Ömer Akgün

Personal information
- Nationality: Turkish
- Born: 15 February 1982 (age 44) Dicle, Diyarbakır, Turkey

Sport
- Country: Turkey
- Sport: Air rifle
- Event: 10 m air rifle
- Club: Diyarbakır Tennis and Shooting Club

Medal record
Men's Shooting
Representing Turkey
Islamic Solidarity Games
| Gold medal – first place | 2017 Baku | 10 m air rifle |
| Bronze medal – third place | 2017 Baku | 10 m air rifle Mixed |

= Ömer Akgün =

Turkish sport shooter (born 1982)

Ömer Akgün (born 15 February 1982) is a Turkish sport shooter specialized in 10 m air rifle event.

Ömer Akgün was born into a family with 13 champion sport shooters in Dicle district of Diyarbakır Province, southeastern Turkey on 1 January 1982.
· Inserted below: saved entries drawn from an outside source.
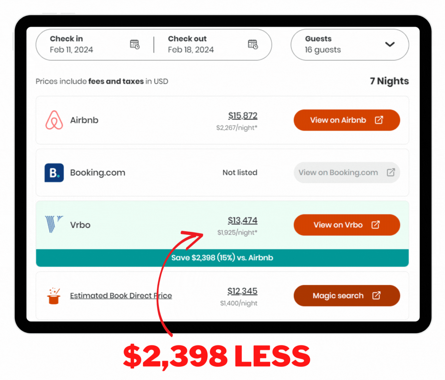 HiChee’s comparison feature shows that it’s $1,432 less to book this property on VRBO than on Airbnb.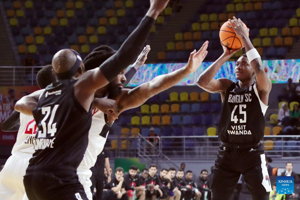 Thierry Serge Darlan (R) of Bangui competes at the 2024 Basketball Africa League match between Al Ahly Ly of Libya and Bangui of Central African Republic in Cairo, Egypt, April 19, 2024. (Xinhua/Ahmed Gomaa)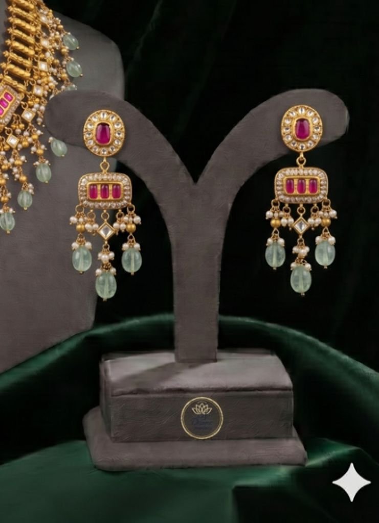 Kundan Fringe Necklace Set with Green Drop Beads & Stone Work Earrings – 92.5 Silver Gold Plated Bridal Jewellery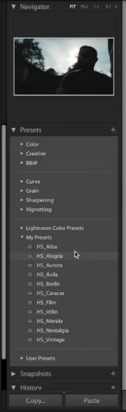 - Historia: Es un registro cronológico infinito de cada movimiento que realizas sobre la fotografía, A diferencia de otros programas Lightroom guarda este historial para siempre, permitiéndonos regresar a un paso que hicimos hace días o semanas con total precisión.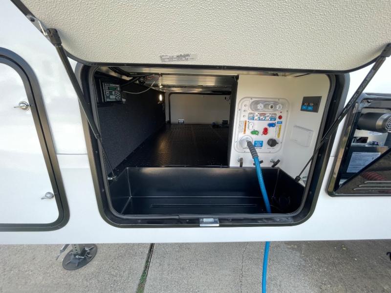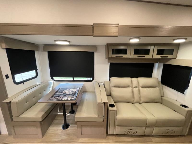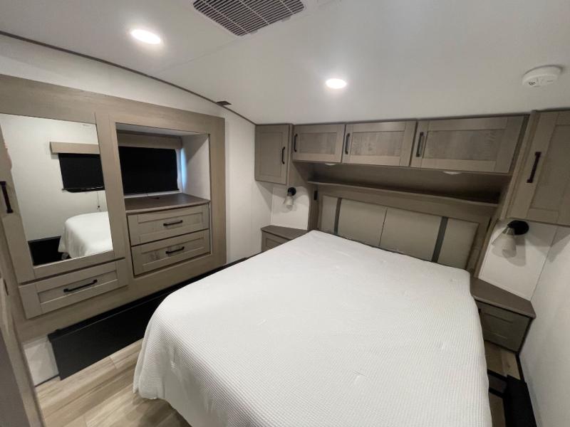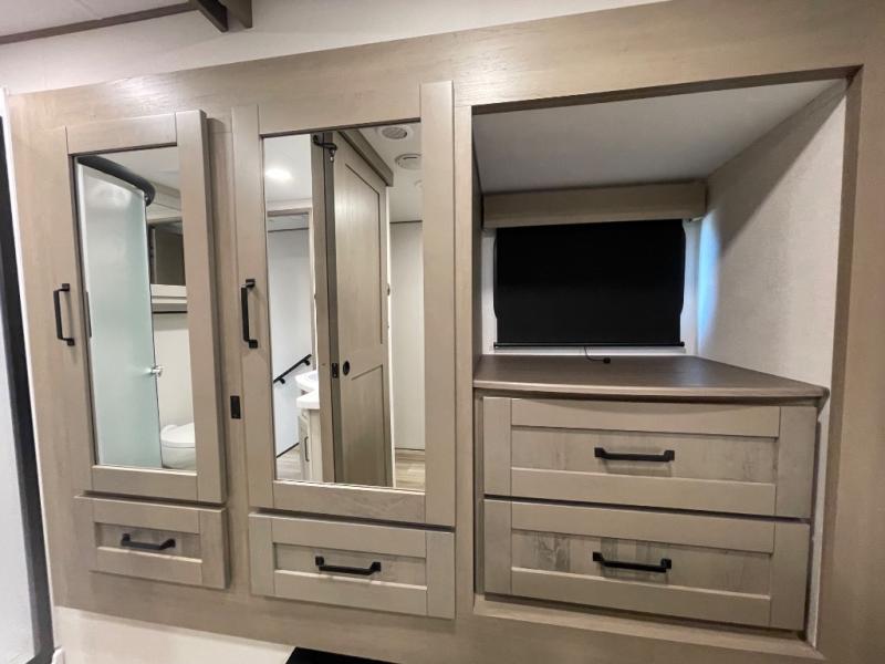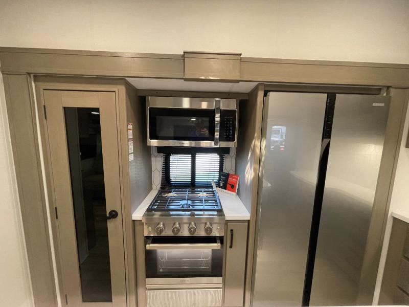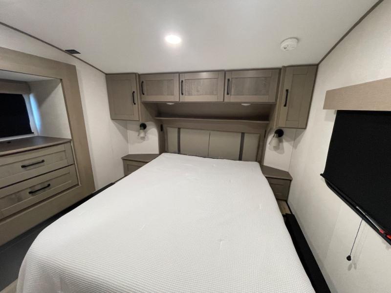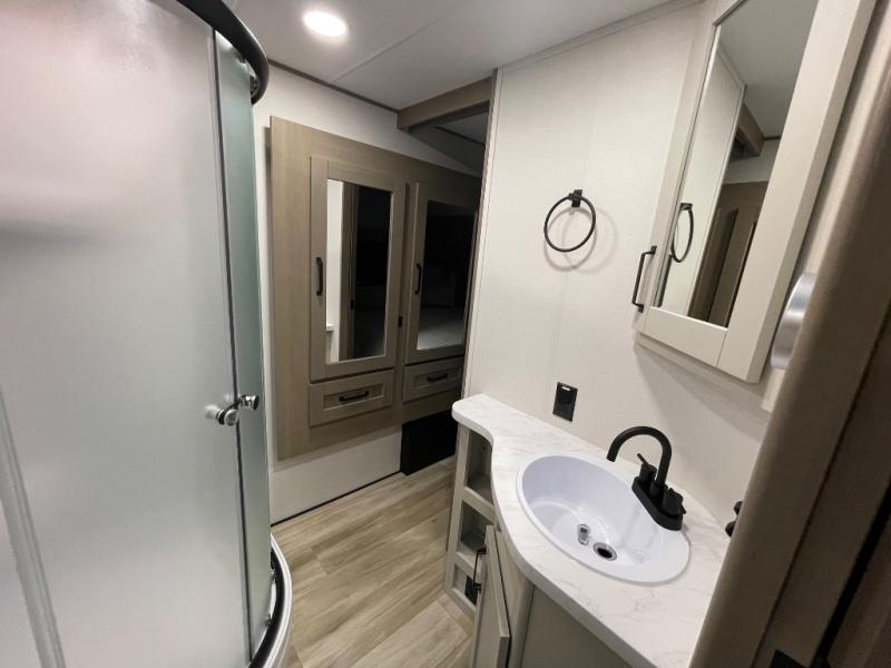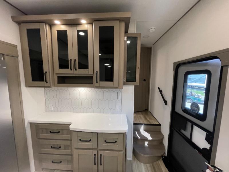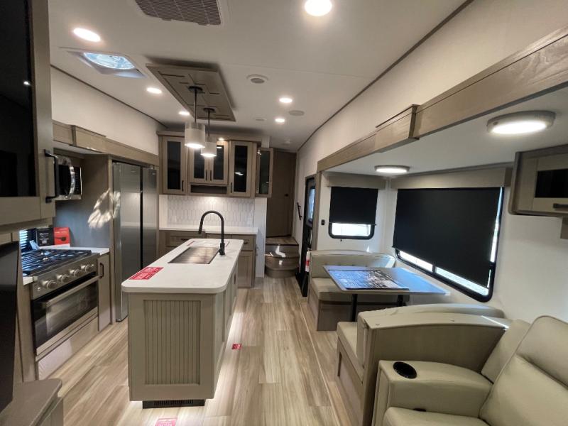 Are you looking to travel with your family and friends and want enough space for everyone to be comfortable? Step inside using the Step Above wit lift assist entry steps, to find a private bunkhouse in the rear of this fifth wheel which offers a slide out flip bunk above a tri-fold sofa, a 44" bunk bed with window and storage below, plus its very own private half bathroom. The theater seating or tri-fold sofa option is a great place to unwind at night in front of the entertainment center with a 40" LED HDTV and fireplace below it. There is a booth dinette or you can a swivel dinette option to dine at, and the kitchen island will provide more counter space to prep meals. You will find full amenities including a 16 cu. ft. 12V refrigerator and a hutch. This fifth wheel also includes a double entry bathroom with a radius shower, and you can wake up refreshed each morning after sleeping on your own queen bed.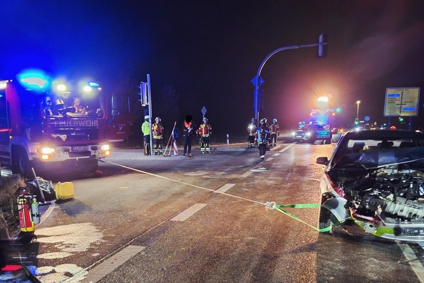 Durch die Wucht des Aufpralls sei der Ford noch gegen einen VW geschoben worden, mit dem eine 62-Jährige aus Hepberg auf der IN21 bei Rotlicht an der Haltelinie gestanden habe. Die beiden Personen, die sich in dem Seat befanden, wurde laut Polizei mittelschwer beziehungsweise leicht verletzt Beide seien nach der Erstversorgung vor Ort vom Rettungsdienst in ein Krankenhaus gebracht worden. Alle drei Autos seien nicht mehr fahrbereit gewesen und deshalb abgeschleppt worden. Der Sachschaden wurde von Streifenbeamten auf insgesamt 35 000 Euro geschätzt. Auch die Feuerwehren aus Wettstetten und Echenzell waren im Einsatz.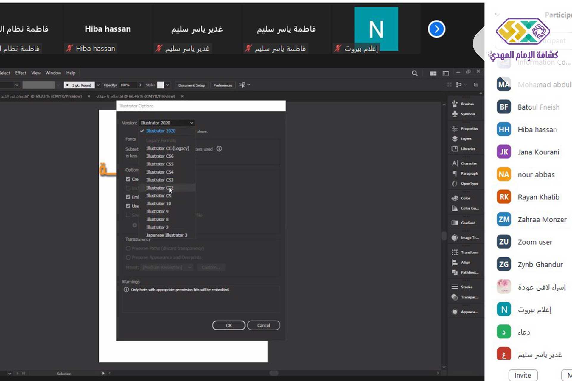 أقيمت الدورة عن بُعد عبر برنامج zoom، وخلالها تعرّفت المُشاركات على أساسيات برنامج adobe illustator، والواجهة الأساسية فيه، إضافةً إلى الأدوات المهمة لإنجاز أي تصميم. كما طبّقت المتدربات كل ما تم التدرّب عليه من خلال التكاليف والنماذج العملية واستفدن من ملاحظات المدرّب وخبرته.
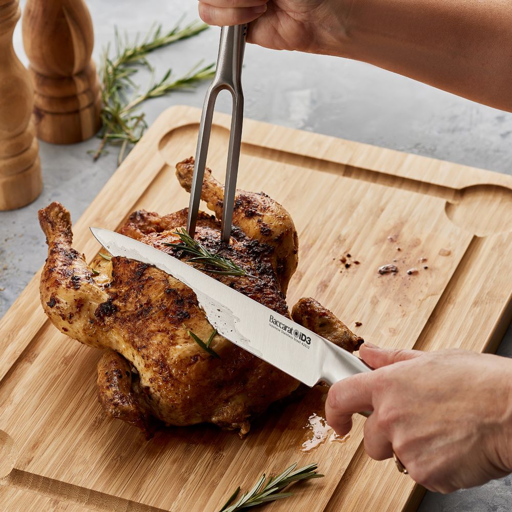 Carve succulent slices of roast meat with the high performance Baccarat® iD3® Carving Set inspired by traditional Japanese craftsman and blade-smiths.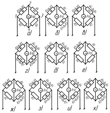 Если принять чувствительность моста с одним рабочим датчиком за исходную единицу, то чувствительность всех других мостовых схем можно выразить: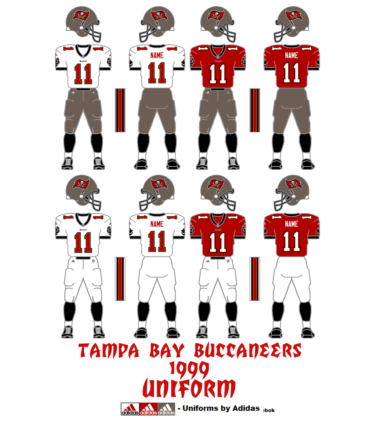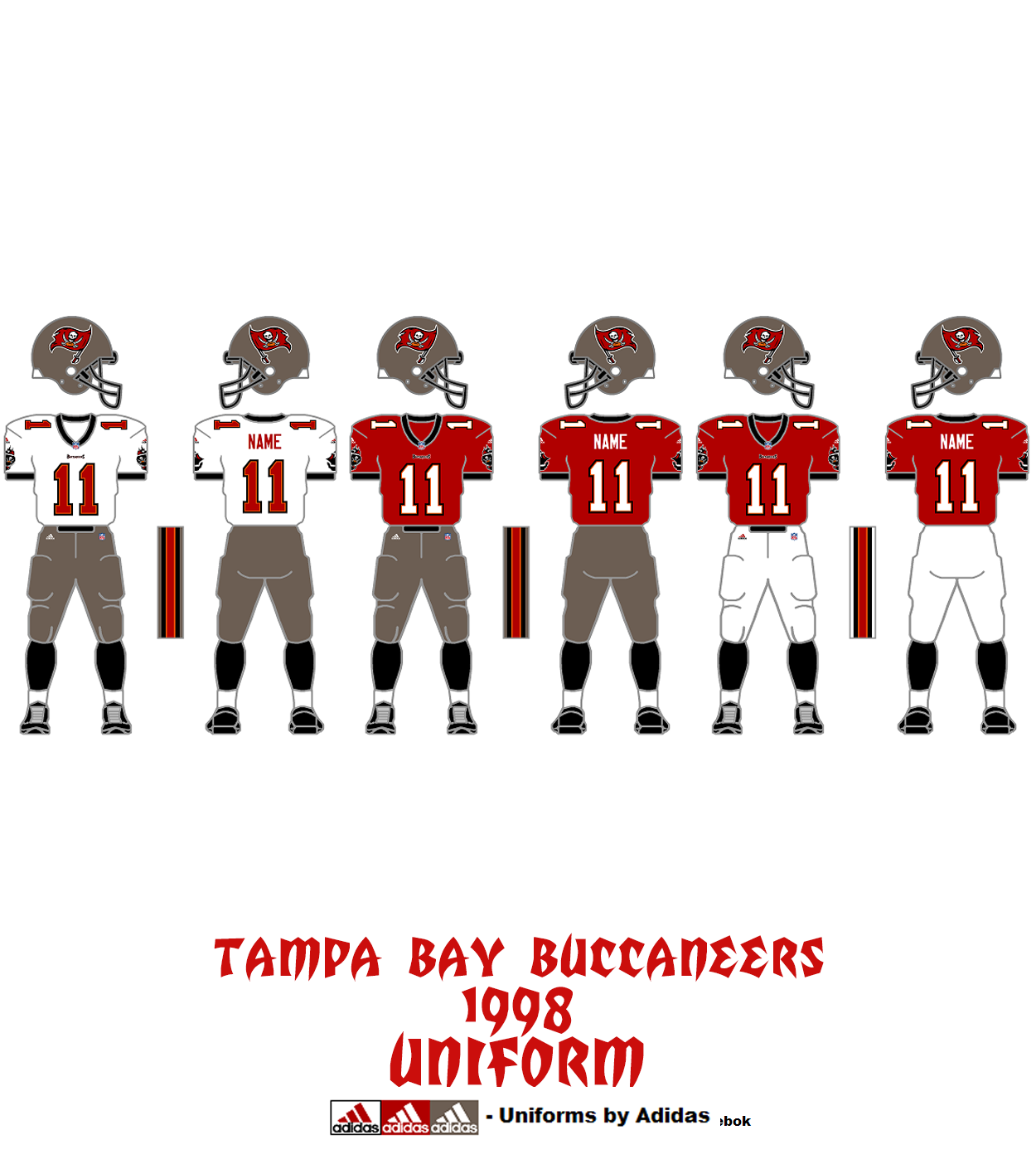 The 1998 home red uniform, as worn by the lethal backfield combination of Mike Alstott & Warrick Dunn, showcases virtually all of the new elements explained earlier in the 1997 road white uniform.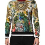 Gorgeous brand new, 100% Authentic Dolce & Gabbana pullover sweater. This luxurious silk piece features a vibrant tropical print adorned with a striking heart and crown motif, embodying the brand’s signature blend of bold romance and Italian flair. Expertly crafted in Italy, it offers a smooth, lightweight feel with a classic crew neck and ribbed trims for a refined finish. A true statement piece perfect for standout styling.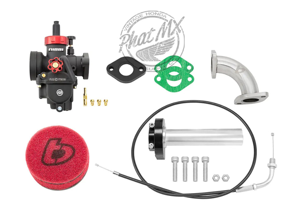 22mm Nibbi carb and billet 1/4 turn throttle kit. Take your mini bike’s performance to the next level, an excellent upgrade over the stock OEM carb setup.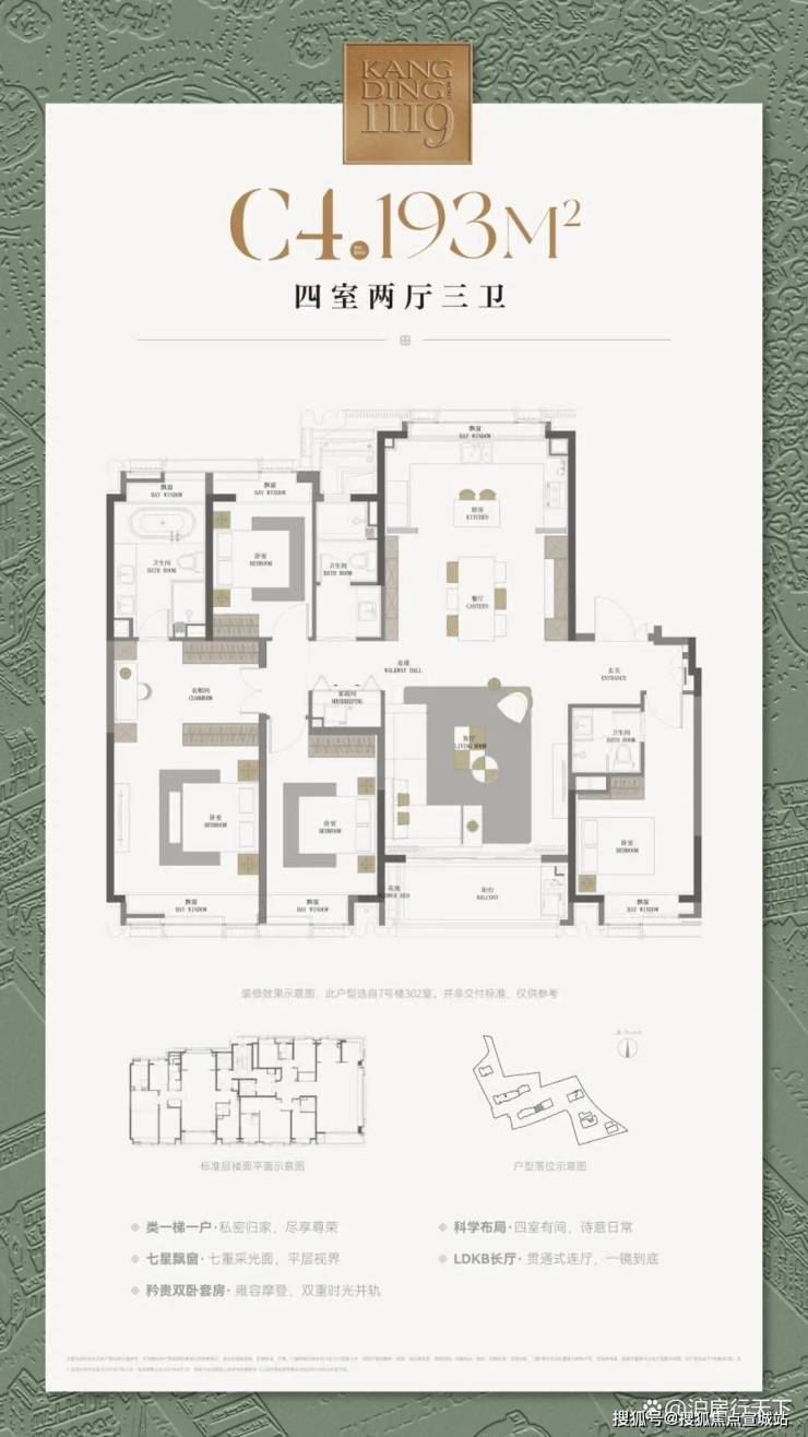 193㎡四房:设有双主卧,全屋飘窗赠送面积达20.7㎡(含主卫),尺度媲美别墅。配备英式管家服务,电梯厅可直达户内,并采用嘉格纳厨电、德国美诺洗衣套装,尽显奢华品质。

Impressed by his older brother, Akgün started shooting sport in 1996. He is a member of Diyarbakır Tennis and Shooting Club. He won the gold medal and the bronze medal in the Mixed event at the 2017 Islamic Solidarity Games in Baku, Azerbaijan. He competed at the 2018 Mediterranean Games in Tarragona, Spain. He set a national record with 630.1 points at the 2020 European Championship 10m in Wrocław, Poland, and obtained a quota for the 2020 Summer Olympics.